W październiku tego roku pisaliśmy o Oli z Wrocławia, która chciała wyglądać jak Popek. Idąc w ślady swojego idola, wytatuowała sobie oczy. Po tak inwazyjnym i niebezpiecznym zabiegu, zaczęła tracić wzrok. 22-latka w rozmowie z "Super Expressem" wyznała, dlaczego podjęła decyzję o tak drastycznej zmianie w swoim wyglądzie:
Marzyłam o pracy w show-biznesie, o graniu w teledyskach.
Na zabieg poszła do renomowanego, warszawskiego studia.
Zapewniano mnie, że niczym nie ryzykuję. Jeszcze w trakcie zabiegu przestałam widzieć na jedno oko. Mówiłam, że dzieje się coś złego. Tatuażysta stwierdził, że to normalne, że zaraz przejdzie - opowiada ze łzami w oczach.

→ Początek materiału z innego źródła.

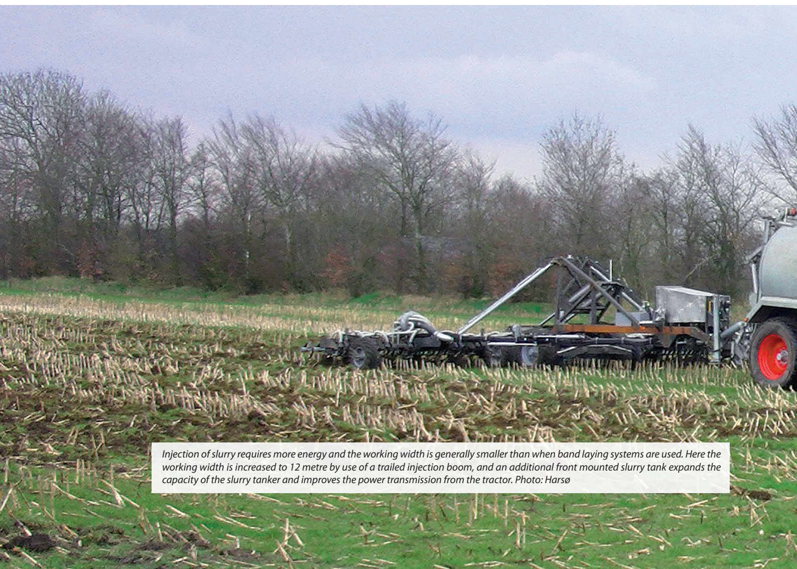
Injection of slurry requires more energy and the working width is generally smaller than when band laying systems are used. Here the working width is increased to 12 metre by use of a trailed injection boom, and an additional front mounted slurry tank expands the capacity of the slurry tanker and improves the power transmission from the tractor.

As a way to combat the abovementioned challenges that relate to livestock manure - environ-

Ola zabieg przeszła rok temu. W jednym oku już straciła wzrok. W drugim zmiany są nieodwracalne i też może przestać na nie widzieć.
Diagnoza zabrzmiała jak wyrok. Mój świat się zawalił - wyznaje.

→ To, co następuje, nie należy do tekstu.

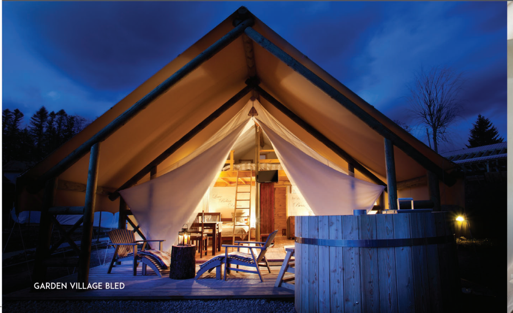
GARDEN VILLAGE BLEĐ

Jak podaje "Super Express" do prokuratury zostało złożone zawiadomienie o możliwości popełnienia przestępstwa przez tatuażystę Oli. Sam główny zainteresowany nie chce komentować całej sprawy.
O wszystkim mogę opowiedzieć prokuratorowi - odpowiedział krótko.
Jak się okazuje, prawnicy Oli, Igor Sikorski oraz Paweł Jagielski informują, iż ich klientka nie jest jedyną osobą, poszkodowaną przez tego tatuażystę.
Doprowadził do ciężkiego uszczerbku zdrowia, a dodatkowo nie udzielił naszej klientce pomocy, gdy ta o nią prosiła. Ona sama liczy zaś na to, że tatuażysta będzie miał zakaz wykonywania takich zabiegów. Zwłaszcza że zgłaszają się do nas kolejne pokrzywdzone przez tego człowieka osoby.